Les premières violences
Selon les faits décrits par la cour d’appel, tout commence le 19 mars : Cédric Prizzon se rend chez Audrey Cavalié, son ancienne compagne âgée de 40 ans à Vailhourles, dans l’Aveyron, pour la maîtriser violemment en la blessant au front, et en utilisant du ruban adhésif pour attacher ses mains et obstruer sa bouche. Un document français consulté par nos confrères confirme une probable scène de « violences sanglantes » chez Audrey Cavalié avant son enlèvement. Des traces de sang ont été retrouvées sur la baignoire, le mur de la salle de bains et au-dessus du porte-serviette. L’expert décrit en outre une « altération des traces » pouvant correspondre à un nettoyage de la scène.
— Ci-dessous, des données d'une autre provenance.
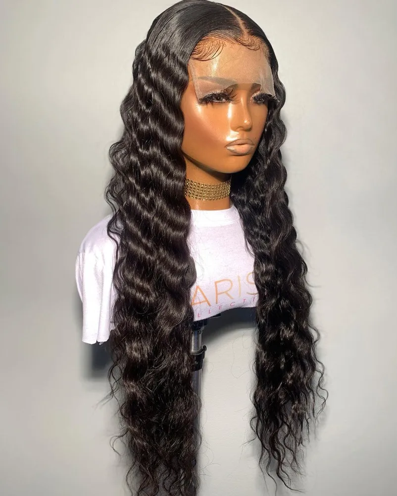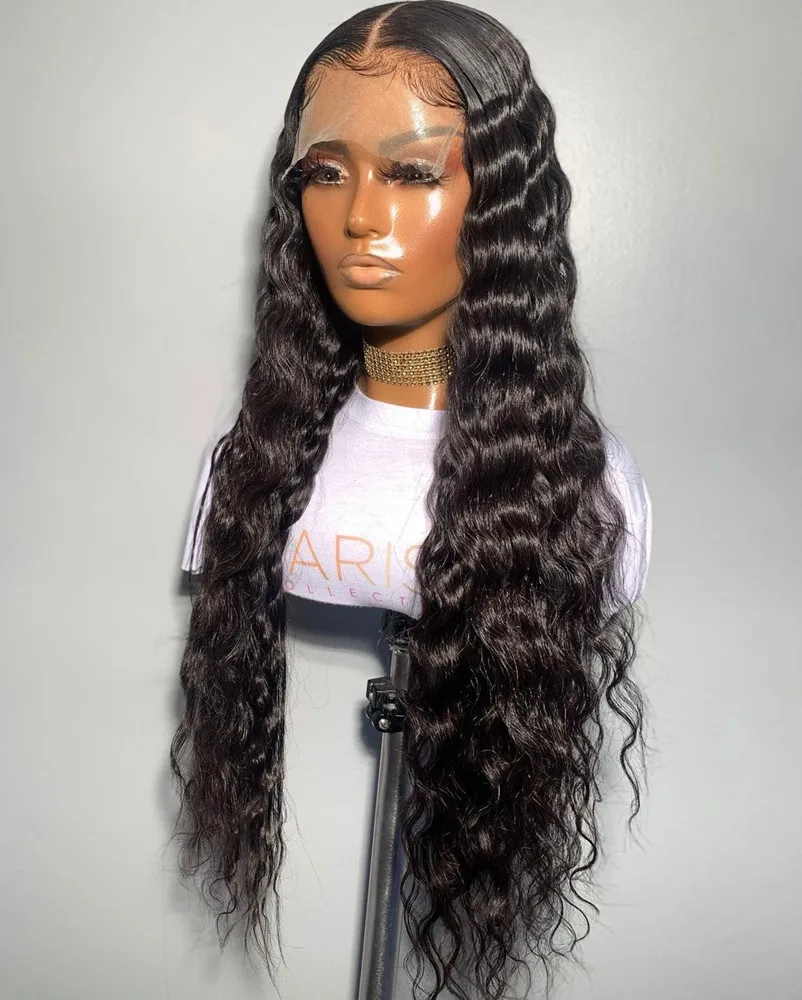 26 дюймовые черные длинные волнистые синтетические кружевные передн...
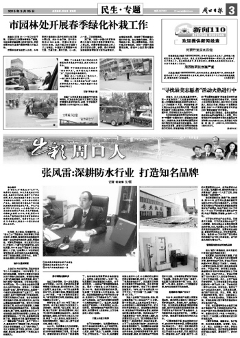 目前,張風雷領軍的企業(yè)集團正籌備擴建新的廠房、引進新的先進生產(chǎn)線,向生產(chǎn)高科技含量的新型環(huán)保卷材進軍。他誓言用未來5年或10年的努力,打造出一個由河南人主營的國內(nèi)防水材料知名品牌。

Il l’entraîne dans sa voiture avec leur fils de 12 ans, puis change de voiture avant de retrouver sa compagne actuelle, Angela Legobien-Cadillac, âgée de 26 ans, ainsi que leur fille de 18 mois, près de Lourdes. Ils se dirigent tous vers la frontière espagnole, sa compagne actuelle et leur fille dans une fourgonnette, et lui dans une troisième voiture, avec son ex-femme et son fils à l’intérieur.
Le dénouement tragique
Une fois le convoi réuni dans la même voiture après la frontière espagnole, des « disputes » éclatent entre Cédric Prizzon et Angela Legobien-Cadillac, « mécontente » de la présence de son ex. Le 22 mars, la dispute reprend hors de la voiture, et l’ancien policier tue sa compagne de 26 ans, avant de se diriger vers l’arrière de la voiture, d’en extirper Audrey Cavalié et de la tuer également devant son fils, lui indiquant au passage qu’il n’avait « pas le choix ».
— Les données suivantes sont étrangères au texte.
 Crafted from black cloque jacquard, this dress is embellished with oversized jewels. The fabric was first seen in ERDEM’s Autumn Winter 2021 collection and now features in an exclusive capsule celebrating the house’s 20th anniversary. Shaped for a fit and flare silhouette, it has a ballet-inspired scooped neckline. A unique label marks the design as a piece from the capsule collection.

Cédric Prizzon cache ensuite les corps des deux femmes à l’arrière du véhicule, et s’arrête acheter une pelle dans un magasin agricole. Il décide finalement de s’arrêter, dans la nuit du 22 au 23 mars, sur une route en terre du nord-est du Portugal, afin de creuser un trou pour cacher les corps des deux victimes. Son fils est chargé de faire le guet.
L'arrestation et les suites judiciaires
Il faut finalement attendre le 24 mars en milieu d’après-midi pour que l’ancien policier soit arrêté en compagnie de ses deux enfants, une centaine de kilomètres plus au sud, sur la route de Mêda. Il présente de faux papiers aux gendarmes, qui découvrent dans sa voiture un fusil à pompe, des plaques d’immatriculation françaises et étrangères et 17 000 euros en petites coupures. La cour d’appel estime qu’il « se dirigeait vers l’Afrique du Nord ». Le 26 mars, Cédric Prizzon est présenté à un juge portugais. Il est mis en cause pour homicide aggravé, profanation de cadavre, violence domestique, possession illégale d’arme et falsification de documents.
Les familles réclament un procès en France
Si pour l’heure, Cédric Prizzon est en détention provisoire au Portugal, car les crimes présumés ont été commis « entièrement ou en partie sur le territoire national », comme le souligne la cour d’appel de Coimbra, une enquête a également été ouverte à Montpellier pour enlèvement, séquestration et meurtres aggravés. Les avocats des familles de victimes plaident pour que l’enquête soit entièrement rapatriée en France, où l’enlèvement violent et la séquestration ont eu lieu.
« Nous avons deux victimes françaises et un auteur des faits français. J’espère que le bon sens juridique va l’emporter pour ne pas ajouter de la souffrance à de la souffrance », a ainsi indiqué Fabien Arakelian, conseil de la famille d’Audrey Cavalié. Elsa Cazor, avocate de la mère d’Angela Legobien Cadillac, met en avant les « antécédents de violence en France » du principal suspect. « La justice française le connaît et c’est à la lumière de tout ce que l’on sait de lui ici qu’il faut le juger », estime-t-elle.